The bulk of the press stories that I read on the new Amazon Cloud Drive service like the one by the New York Times focused on the fact that the service is a brilliant cloud business move against Apple iTunes to give people a single central storage locker primarily for their digital music files so that they're not scattered on different devices in different places. Amazon Cloud Drive coupled with Amazon Cloud Player is a powerful combination which is free to try out and then if you buy just one mp3 album from Amazon (US only for now) you get 20 GB of storage for a year at no additional cost. Beyond that online storage costs a reasonable $1 per gigabyte per year. The service stores anything digital, although it's geared mostly to music storage. The service competes with Apple iDisk, Microsoft SkyDrive, and Google Docs storage services. There is an additional cost, however.

In previous GreenTech pieces we've talked about concerns that nonprofits, NGOs, and libraries have about the security and privacy of their data stored in the cloud. Even though the cloud certainly has a lot of green benefits, are they worth the risk? Amazon has just given us a perfect lesson on what to watch out for. In the Amazon Cloud Drive Terms of Use, you can find the following little paragraph:

5.2 Our Right to Access Your Files. You give us the right to access, retain, use, and disclose your account information and Your Files: to provide you with technical support and address technical issues; to investigate compliance with the terms of this Agreement, enforce the terms of this Agreement and protect the Service and its users from fraud or security threats; or as we determine is necessary to provide the Service or comply with applicable law.

To quote ZDNet's Steven Vaughan-Nichols again:

Wow. Amazon can do pretty much anything they want with your files like let the Recording Industry Association of America (RIAA) inspect your music files for any signs that you haven't paid full price for them. You remember the RIAA; they're the ones who want $75-trillion from LimeWire for allowing 11,000 songs to be illegally shared... Nice try Amazon, but you'll excuse me if I don't give you the right to access, retain, use, and disclose my account information and my files.
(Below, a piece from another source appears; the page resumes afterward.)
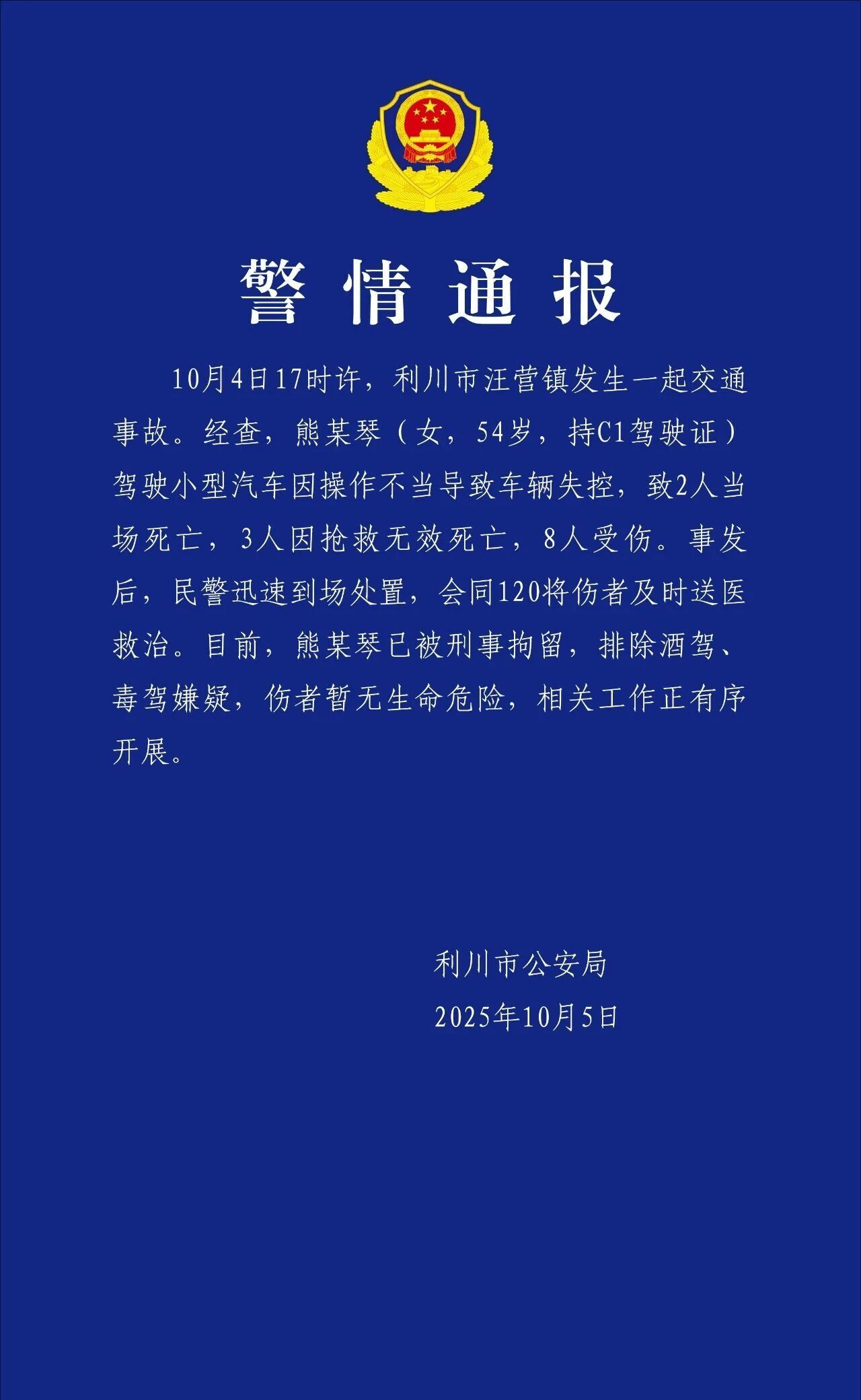 10月4日17时左右,湖北利川发生一起交通事故,致2人当场死亡、3人因抢救无效死亡,8人受伤。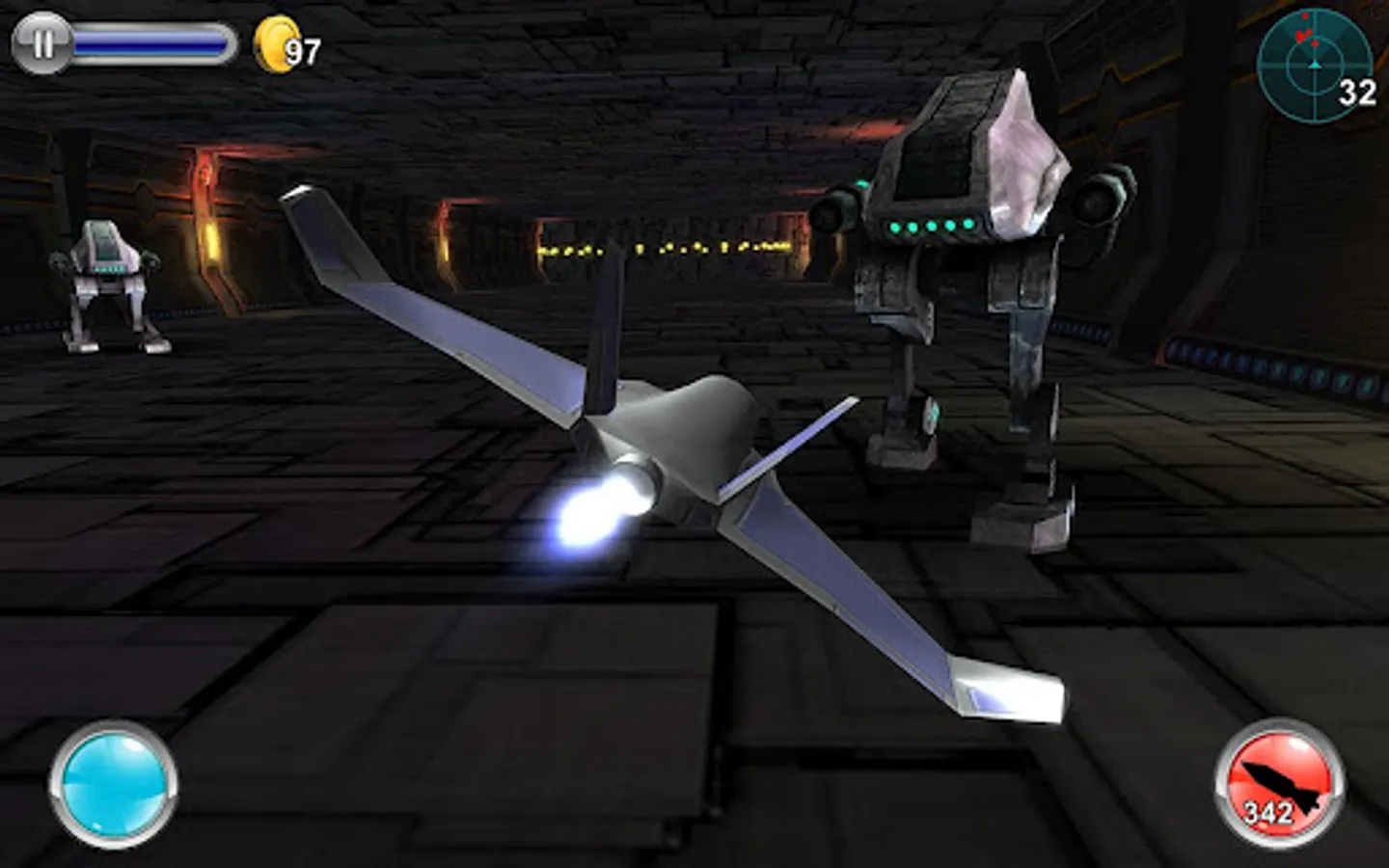 Dive into futuristic combat and navigate through a variety of supernatural landscapes while piloting your starship with intuitive, precise tilt controls. The clean interface allows you to press anywhere on the right side of the screen to rapid fire your main weapon, and press anywhere on the left side to hover. The hovering feature adds a whole new dimension to the game, as you can shoot enemies and dodge their fire without needing to fly past them. Enemies are all tracked in the real-time radar.

Now that we have this great new blog interface that allows you to sign in and comment, I'd very much welcome more examples of good cloud terms of use and also bad ones like this.

  • I had to figure out that I needed to login before this comment box was visible.  There should be something about logging in at the bottom of the blog entries, otherwise I don't know where to go to leave comments.

  • re: privacy, there's also the fact that data in your office is subject to the protection of a search warrant issued by a judge.  Data that you keep in the 'cloud' through Google Apps, etc. is subject only to a subpoena which can be issued by a Grand Jury or other entity and does not have as strict of guidelines.

  • ....as witness the government's easy access to telecom records after 9/11.